Commit Graph

8 Commits

  • feat: experimental flags (#10231)
    ## Problem being solved
    - We need a single, reliable way to mark app-server API surface as
    experimental so that:
      1. the runtime can reject experimental usage unless the client opts in
    2. generated TS/JSON schemas can exclude experimental methods/fields for
    stable clients.
    
    Right now that’s easy to drift or miss when done ad-hoc.
    
    ## How to declare experimental methods and fields
    - **Experimental method**: add `#[experimental("method/name")]` to the
    `ClientRequest` variant in `client_request_definitions!`.
    - **Experimental field**: on the params struct, derive `ExperimentalApi`
    and annotate the field with `#[experimental("method/name.field")]` + set
    `inspect_params: true` for the method variant so
    `ClientRequest::experimental_reason()` inspects params for experimental
    fields.
    
    ## How the macro solves it
    - The new derive macro lives in
    `codex-rs/codex-experimental-api-macros/src/lib.rs` and is used via
    `#[derive(ExperimentalApi)]` plus `#[experimental("reason")]`
    attributes.
    - **Structs**:
    - Generates `ExperimentalApi::experimental_reason(&self)` that checks
    only annotated fields.
      - The “presence” check is type-aware:
        - `Option<T>`: `is_some_and(...)` recursively checks inner.
        - `Vec`/`HashMap`/`BTreeMap`: must be non-empty.
        - `bool`: must be `true`.
        - Other types: considered present (returns `true`).
    - Registers each experimental field in an `inventory` with `(type_name,
    serialized field name, reason)` and exposes `EXPERIMENTAL_FIELDS` for
    that type.
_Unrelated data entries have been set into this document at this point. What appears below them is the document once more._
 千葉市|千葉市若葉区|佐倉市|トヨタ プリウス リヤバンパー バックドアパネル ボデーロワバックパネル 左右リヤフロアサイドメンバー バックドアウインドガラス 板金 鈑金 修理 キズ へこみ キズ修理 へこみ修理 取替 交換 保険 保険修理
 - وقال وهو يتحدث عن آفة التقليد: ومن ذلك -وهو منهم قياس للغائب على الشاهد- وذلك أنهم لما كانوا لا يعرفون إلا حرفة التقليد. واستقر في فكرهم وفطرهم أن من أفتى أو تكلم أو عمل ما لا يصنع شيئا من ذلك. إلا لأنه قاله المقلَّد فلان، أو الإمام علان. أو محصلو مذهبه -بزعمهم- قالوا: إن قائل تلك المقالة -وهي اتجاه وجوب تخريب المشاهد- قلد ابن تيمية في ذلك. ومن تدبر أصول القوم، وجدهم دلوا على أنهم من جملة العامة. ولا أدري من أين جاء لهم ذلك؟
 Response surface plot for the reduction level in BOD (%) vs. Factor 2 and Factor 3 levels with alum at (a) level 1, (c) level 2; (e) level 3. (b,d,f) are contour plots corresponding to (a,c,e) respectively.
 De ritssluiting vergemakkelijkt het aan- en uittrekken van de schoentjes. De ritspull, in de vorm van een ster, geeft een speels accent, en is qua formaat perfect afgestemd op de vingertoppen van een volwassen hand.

Field names are converted from `snake_case` to `camelCase`
    for schema/TS filtering.
    - **Enums**:
    - Generates an exhaustive `match` returning `Some(reason)` for annotated
    variants and `None` otherwise (no wildcard arm).
    - **Wiring**:
    - Runtime gating uses `ExperimentalApi::experimental_reason()` in
    `codex-rs/app-server/src/message_processor.rs` to reject requests unless
    `InitializeParams.capabilities.experimental_api == true`.
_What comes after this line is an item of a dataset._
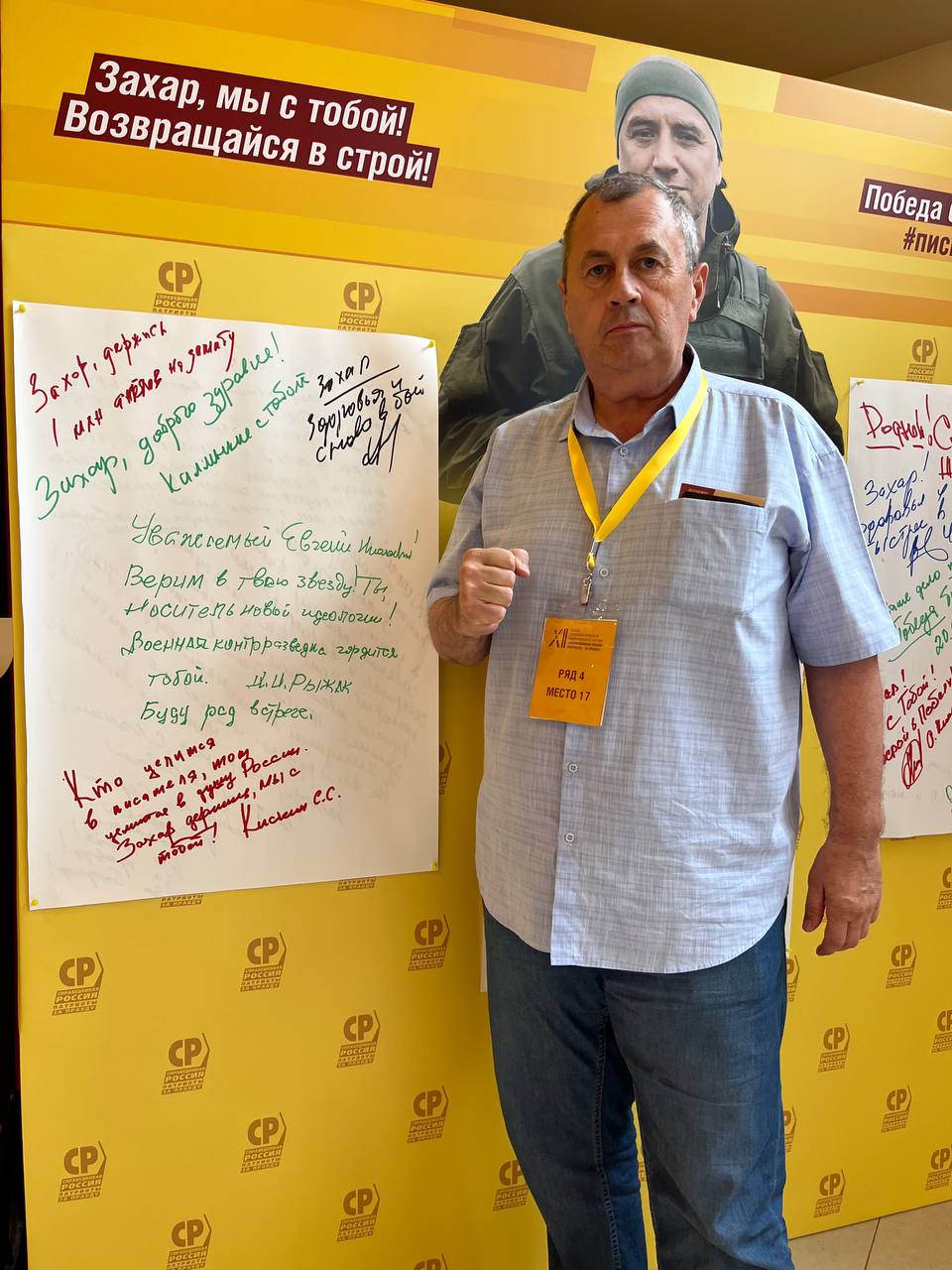Помимо участия в работе съезда и рабочих совещаниях, руководитель справороссов Республики Крым присоединился к акции "Письмо Захару" в поддержку Сопредседателя СРЗП Захара Прилепина. От имени социалистов полуострова Степан Степанович Кискин написал: "Кто целится в писателя, тот целится в душу России. Захар, держись, мы с тобой!"

    - Schema/TS export filters use the inventory list and
    `EXPERIMENTAL_CLIENT_METHODS` from `client_request_definitions!` to
    strip experimental methods/fields when `experimental_api` is false.
  • Plan mode: stream proposed plans, emit plan items, and render in TUI (#9786)
    ## Summary
    - Stream proposed plans in Plan Mode using `<proposed_plan>` tags parsed
    in core, emitting plan deltas plus a plan `ThreadItem`, while stripping
    tags from normal assistant output.
    - Persist plan items and rebuild them on resume so proposed plans show
    in thread history.
    - Wire plan items/deltas through app-server protocol v2 and render a
    dedicated proposed-plan view in the TUI, including the “Implement this
    plan?” prompt only when a plan item is present.
    
    ## Changes
    
    ### Core (`codex-rs/core`)
    - Added a generic, line-based tag parser that buffers each line until it
    can disprove a tag prefix; implements auto-close on `finish()` for
    unterminated tags. `codex-rs/core/src/tagged_block_parser.rs`
    - Refactored proposed plan parsing to wrap the generic parser.
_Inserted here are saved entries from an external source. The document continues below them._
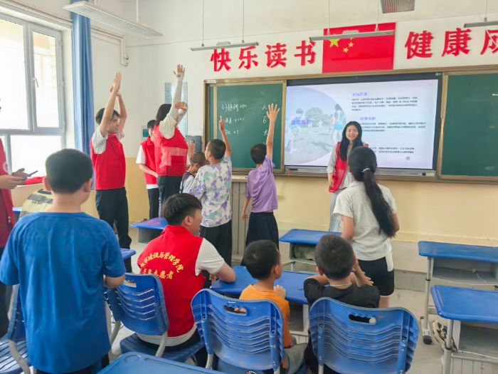 最后,活動到了尾聲。孩子們圍在實踐團成員身邊,“姐姐,你們明天還會來嗎?”“我們還能一起做游戲嗎?”一句句追問,讓實踐團成員眼眶發熱。“我們一定會再來!”實踐團成員楊孝義蹲下身,與孩子們拉鉤約定。此次實踐活動,不僅是一次知識的傳遞,更是一場心靈的對話。正如實踐團指導老師王崢所說:“孩子們眼中的光,是對未來的期待,更是民族團結的種子在發芽。作為新時代的青年,我們要做胡楊精神的傳播者,讓青春在邊疆教育的沃土上綻放。”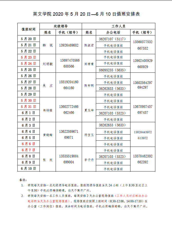 bevictor伟德2020年5月20日—6月10日值班安排表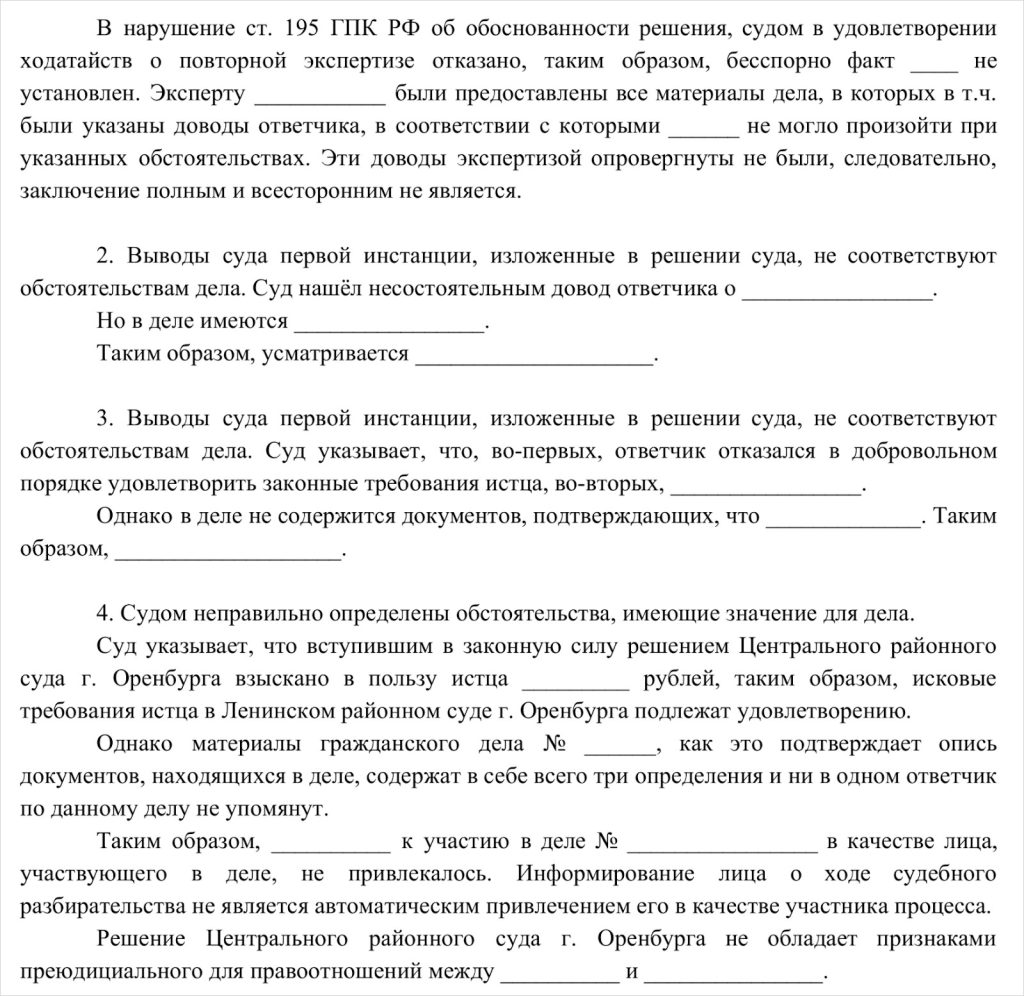 Основания, по которым возможно апелляционное обжалование, мы разбирали выше — все они перечислены в статье 330 ГПК РФ. Например, в жалобе можно написать, что суд неправильно определил обстоятельства дела или неверно применил закон.

    `codex-rs/core/src/proposed_plan_parser.rs`
    - In plan mode, stream assistant deltas as:
      - **Normal text** → `AgentMessageContentDelta`
      - **Plan text** → `PlanDelta` + `TurnItem::Plan` start/completion  
      (`codex-rs/core/src/codex.rs`)
    - Final plan item content is derived from the completed assistant
    message (authoritative), not necessarily the concatenated deltas.
    - Strips `<proposed_plan>` blocks from assistant text in plan mode so
    tags don’t appear in normal messages.
    (`codex-rs/core/src/stream_events_utils.rs`)
    - Persist `ItemCompleted` events only for plan items for rollout replay.
    (`codex-rs/core/src/rollout/policy.rs`)
    - Guard `update_plan` tool in Plan Mode with a clear error message.
    (`codex-rs/core/src/tools/handlers/plan.rs`)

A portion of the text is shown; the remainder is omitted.